Frustrated Lewis H⁺−H⁻ pairs, generated in situ by hydrogen spillover on partially oxidized MAX phases, act as the hydrogenation sites for C=O hydrogenation and provide acid sites for ring opening. The close intimate hydrogenation and acid sites demonstrate unprecedented bifunctional catalytic performance for the conversion of furfurals.

Abstract

Currently, less favorable C=O hydrogenation and weak concerted acid catalysis cause unsatisfactory catalytic performance in the upgrading of biomass-derived furfurals (i.e., furfural, 5-methyl furfural, and 5-hydroxymethyl furfural) to ketones (i.e., cyclopentanone, 2,5-hexanedione, and 1-hydroxyl-2,5-hexanedione).

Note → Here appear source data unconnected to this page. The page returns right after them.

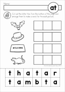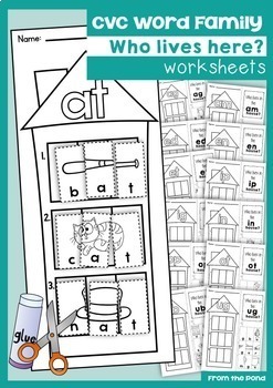 This fun worksheet set by FromThePond provides 13 pages of practice covering the word families at, ag, am, ed, en, et, ip, ig, in, op, ot, ub, and ug. Each page features one word family. Cutting out words and pictures help kids work on fine motor skills while also working on manipulating the beginnings of words to create a bunch of different words in the same family.
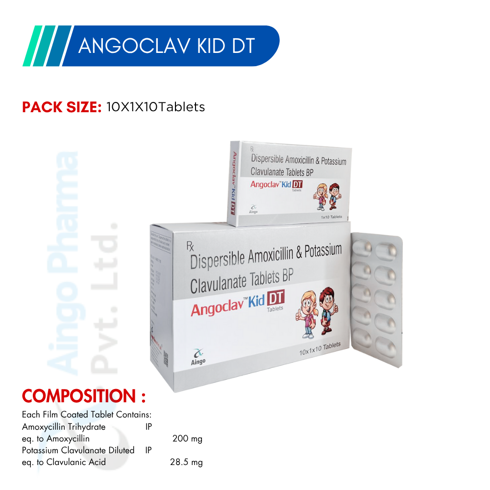 Angoclav Kid DT is a pediatric-friendly dispersible tablet combining Amoxicillin 200 mg and Clavulanic Acid 28.5 mg. This combination provides a broad spectrum of antibacterial coverage, making it effective in treating respiratory tract infections, otitis media, urinary tract infections, and skin infections in children. Easy to administer and gentle on the stomach.
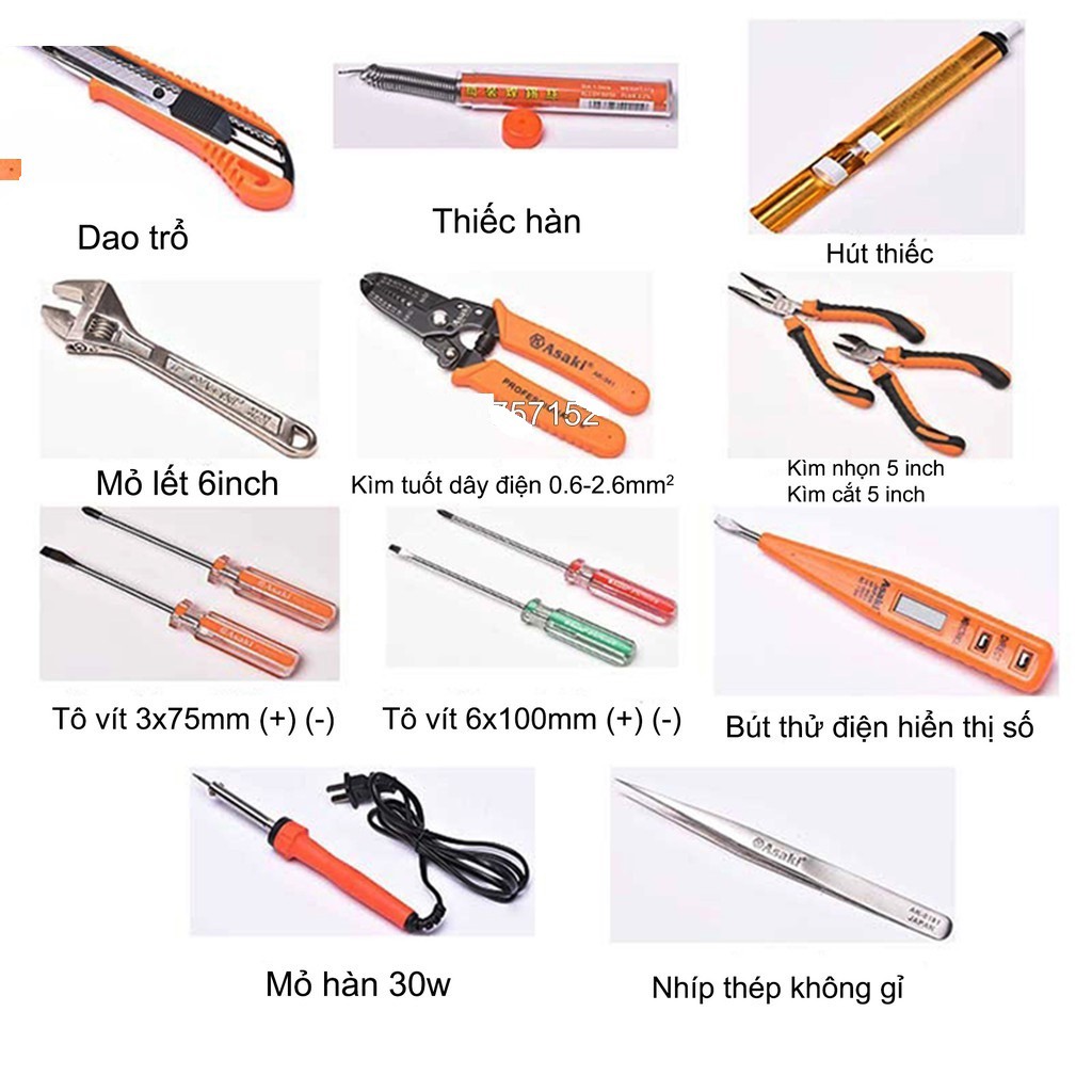 Nhà cửa & Đời sống > Dụng cụ & Thiết bị tiện ích > Dụng cụ > Hộp dụng cụ cầm tay || [Chính hãng] [Ảnh thật] Bộ dụng cụ sửa chữa điện chuyên dụng 15 chi tiết hãng Asaki model AK-9830Còn hàng
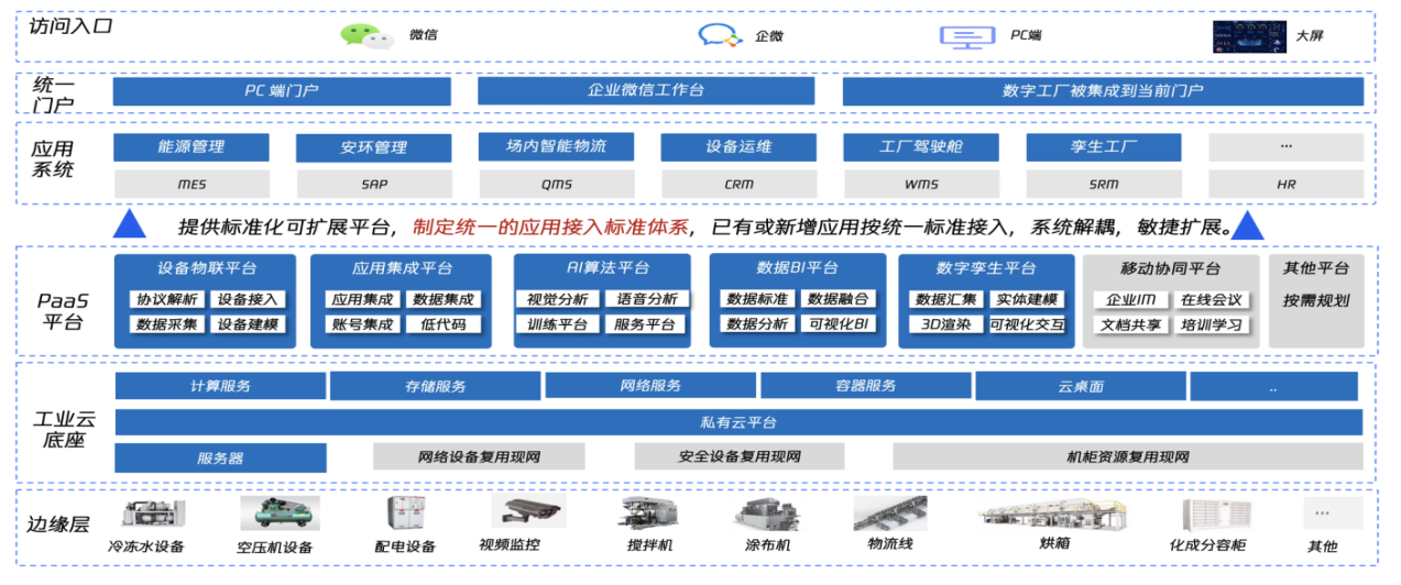 圖為基于騰訊云工業互聯網平臺的數字工廠架構圖
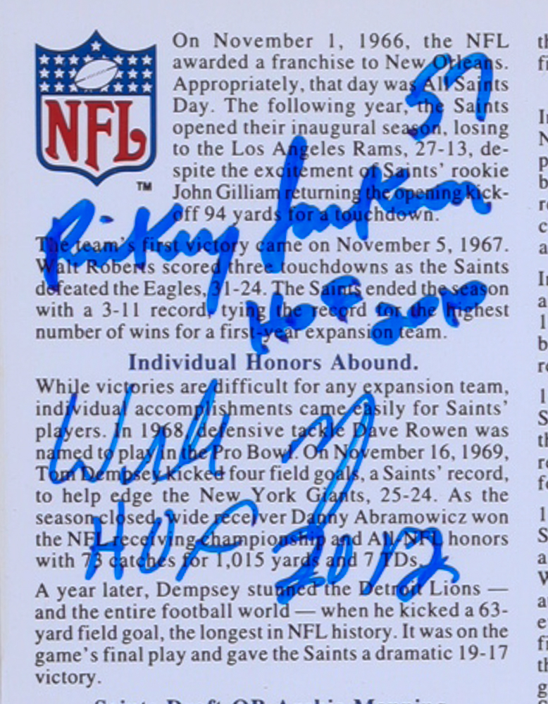 Custom Framed Display measures approximately 13" x 16" in dimension and features a New Orleans Saints Commemorative Stat Card that has been hand-signed and inscribed by Willie Roaf (HOF) and Rickey Jackson (HOF). Please note, there is some scuffing on the display.
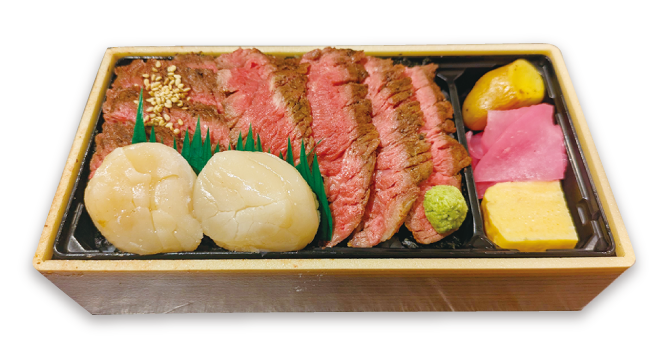 猿払産ホタテと北海道産牛ステーキ2種盛弁当
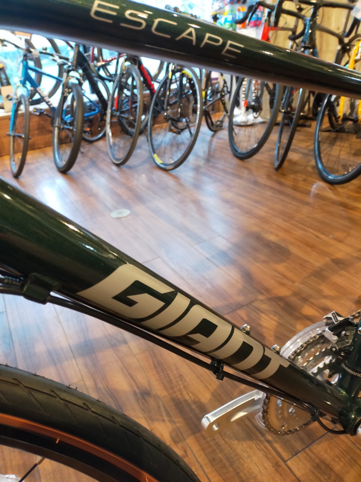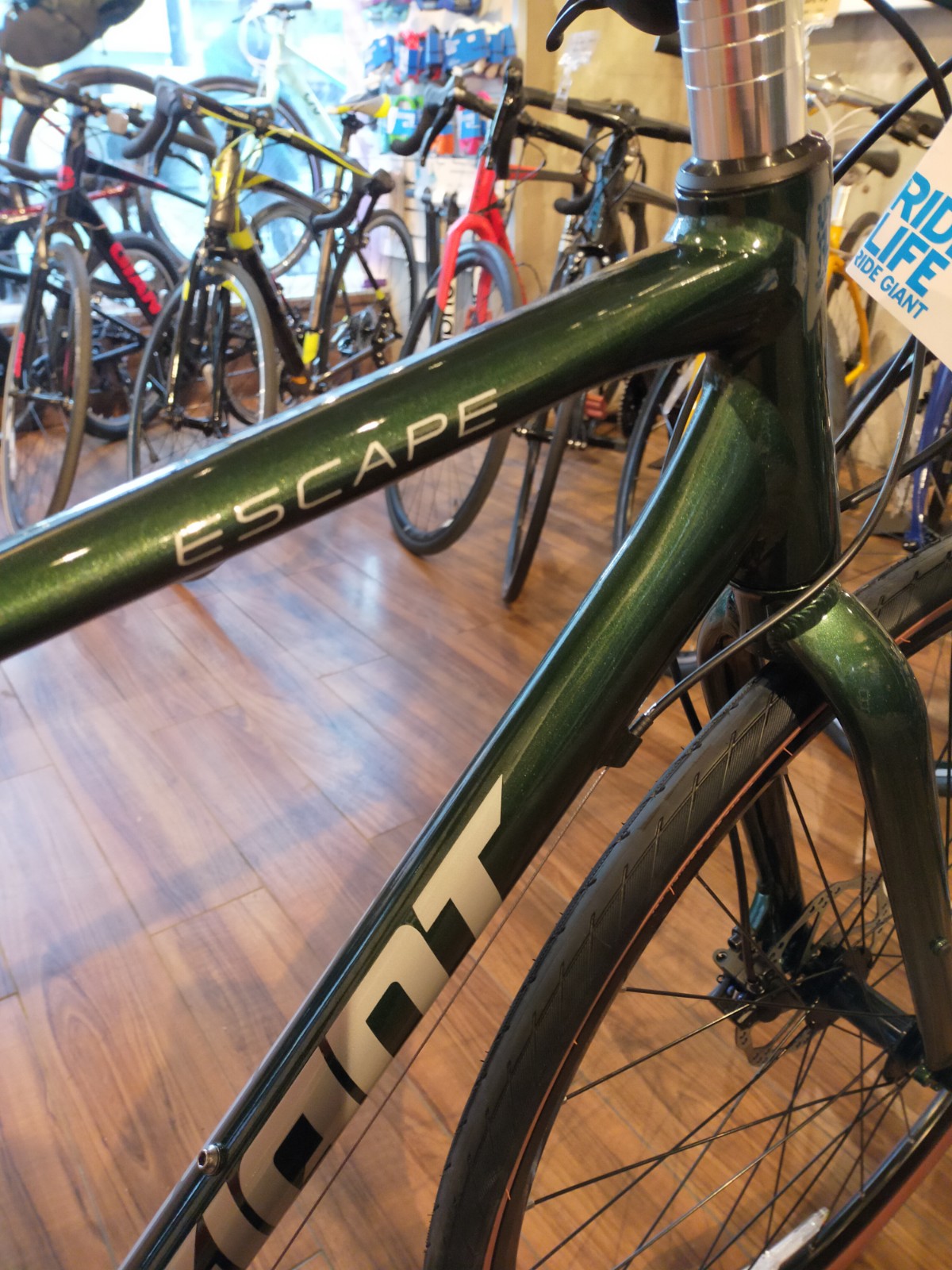 本日は、シックな色合いが魅力的なクロスバイク、GIANT ESCAPE (ジャイアント エスケープ) R DICS フォレストグリーン ¥61,000(税抜)をご紹介します。
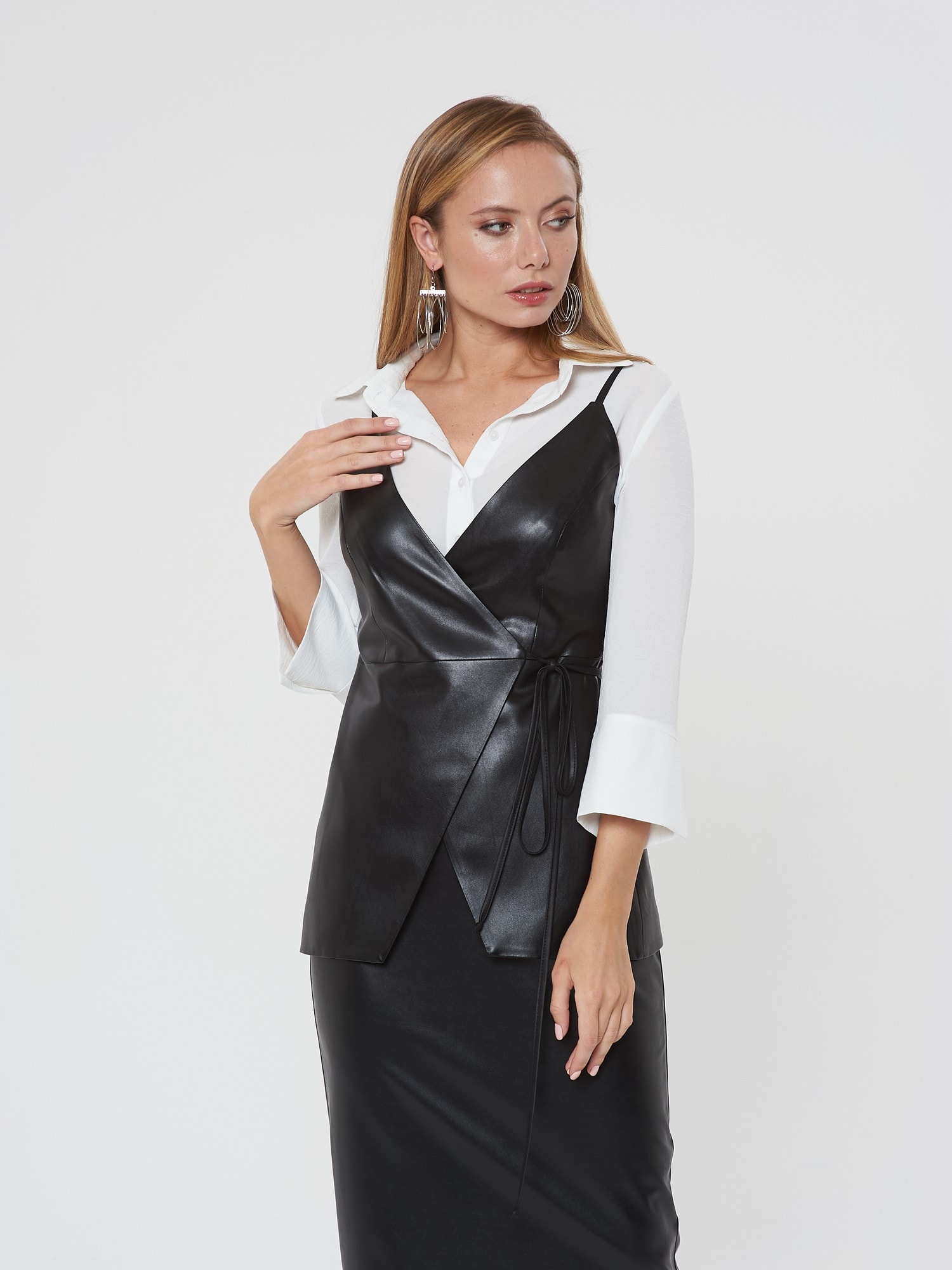 Жакет с запахом на тонких лямках. Утонченный силуэт с завязками на талии. Выполнен изчерной эко-кожи. Сочетайте с блузкой Д-933 ПЛ(В20) и юбкой А-805 ЭК1(В20)

A series of partially oxidized MAX phase (i.e., Ti₃AlC₂, Ti₂AlC, Ti₃SiC₂) supporting Pd catalysts were fabricated, which showed high catalytic activity; Pd/Ti₃AlC₂ in particular displayed high performance for conversion of furfurals into targeted ketones. Detailed studies of the catalytic mechanism confirm that in situ hydrogen spillover generates Frustrated Lewis H⁺−H⁻ pairs, which not only act as the hydrogenation sites for selective C=O hydrogenation but also provide acid sites for ring opening. The close intimate hydrogenation and acid sites promote bifunctional catalytic reactions, substantially reducing the reported minimum reaction temperature of various furfurals by at least 30–60 °C.